- Ну, уж вот этого, - говорю, - никогда не будет.



- Отчего же, Иван? отчего же? - пристает. - Неужто тебе меня и ее не жаль, что мы в разлуке?



- Ну, мол, жаль или не жаль, а только я себя не продавал ни за большие деньги, ни за малые, и не продам, а потому все ремонтеровы тысячи пусть при нем остаются, а твоя дочка при мне.



Она плакать, а я говорю:



- Ты лучше не плачь, потому что мне все равно.



Она говорит:



- Ты бессердечный, ты каменный.



А я отвечаю:



- Совсем, мол, я не каменный, а такой же как все, костяной да жильный, а я человек должностной и верный: взялся хранить дитя, и берегу его.



Она убеждает, что ведь, посуди, говорит, и самому же дитяти у меня лучше будет!



- Опять-таки, - отвечаю, - это не мое дело.



- Неужто же, - вскрикивает она, - неужто же мне опять с дитем моим должна расставаться?



- А что же, - говорю, - если ты, презрев закон и религию...



Но только не договорил я этого, что хотел сказать, как вижу, к нам по степи легкий улан идет.

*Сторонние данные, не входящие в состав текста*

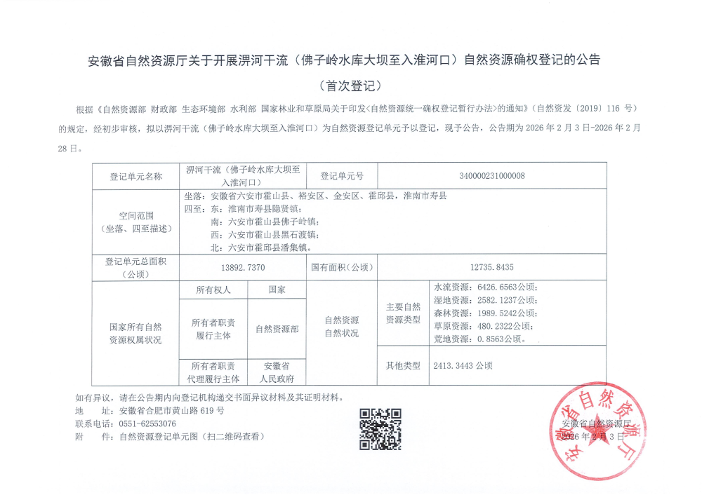 安徽省自然资源厅关于开展淠河干流(佛子岭水库大坝至入淮河口)自然资源确权登记的公告(首次登记)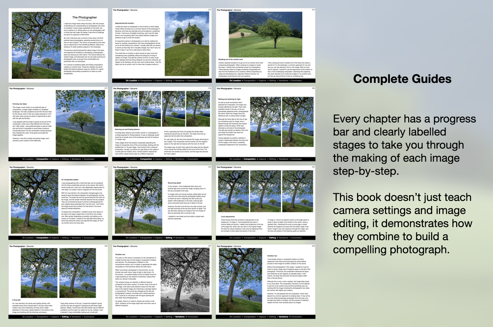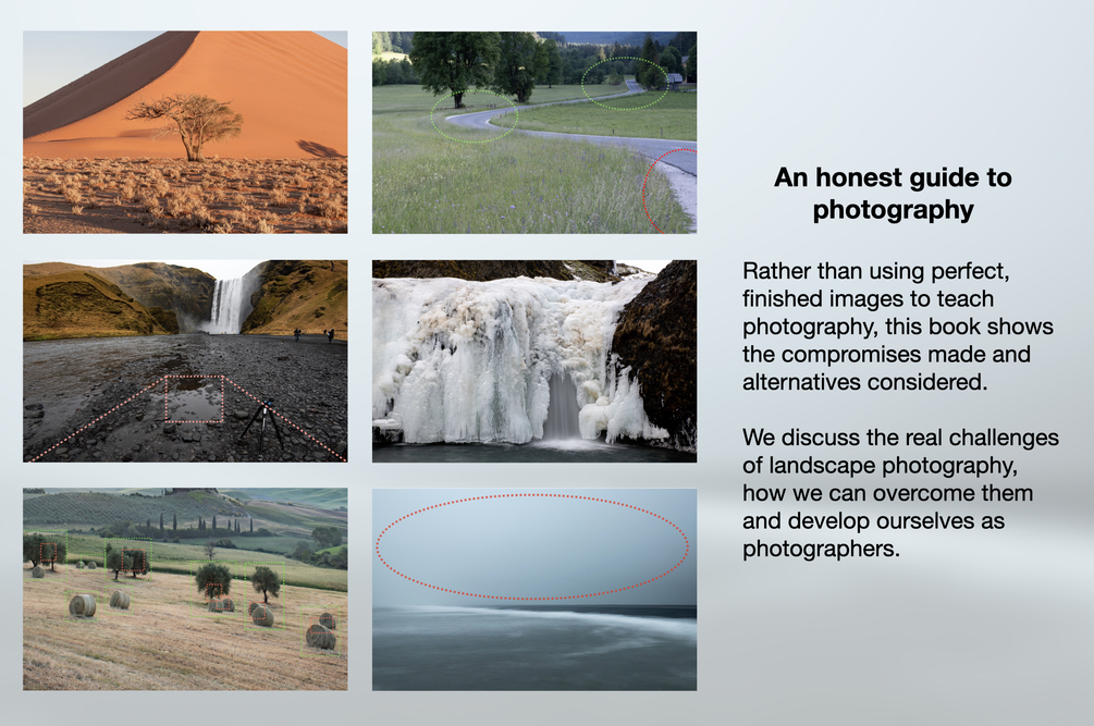This book doesn’t present an idealised view of flawless photography. It examines the ideas which go into a composition, the compromises made and alternatives considered, the experiments and failed attempts. It's about what landscape photography is really like, and teaches how to question our decisions and understand the options available so that we can each build our own style of photography.

Тогда полковые еще как должно ходили, с форсом, в настоящей военной форме, не то что как нынешние, вроде писарей. Идет этот улан-ремонтер, такой осанистый, руки в боки, а шинель широко наопашку несет... силы в нем, может быть, и нисколько нет, а форсисто... Гляжу на этого гостя и думаю: "Вот бы мне отлично с ним со скуки поиграть". И решил, что чуть если он ко мне какое слово заговорит, я ему непременно как ни можно хуже согрублю, и авось, мол, мы с ним здесь, бог даст, в свое удовольствие подеремся, Это, восторгаюсь, будет чудесно, и того, что мне в это время говорит и со слезами моя барынька лепечет, уже не слушаю, а только играть хочу.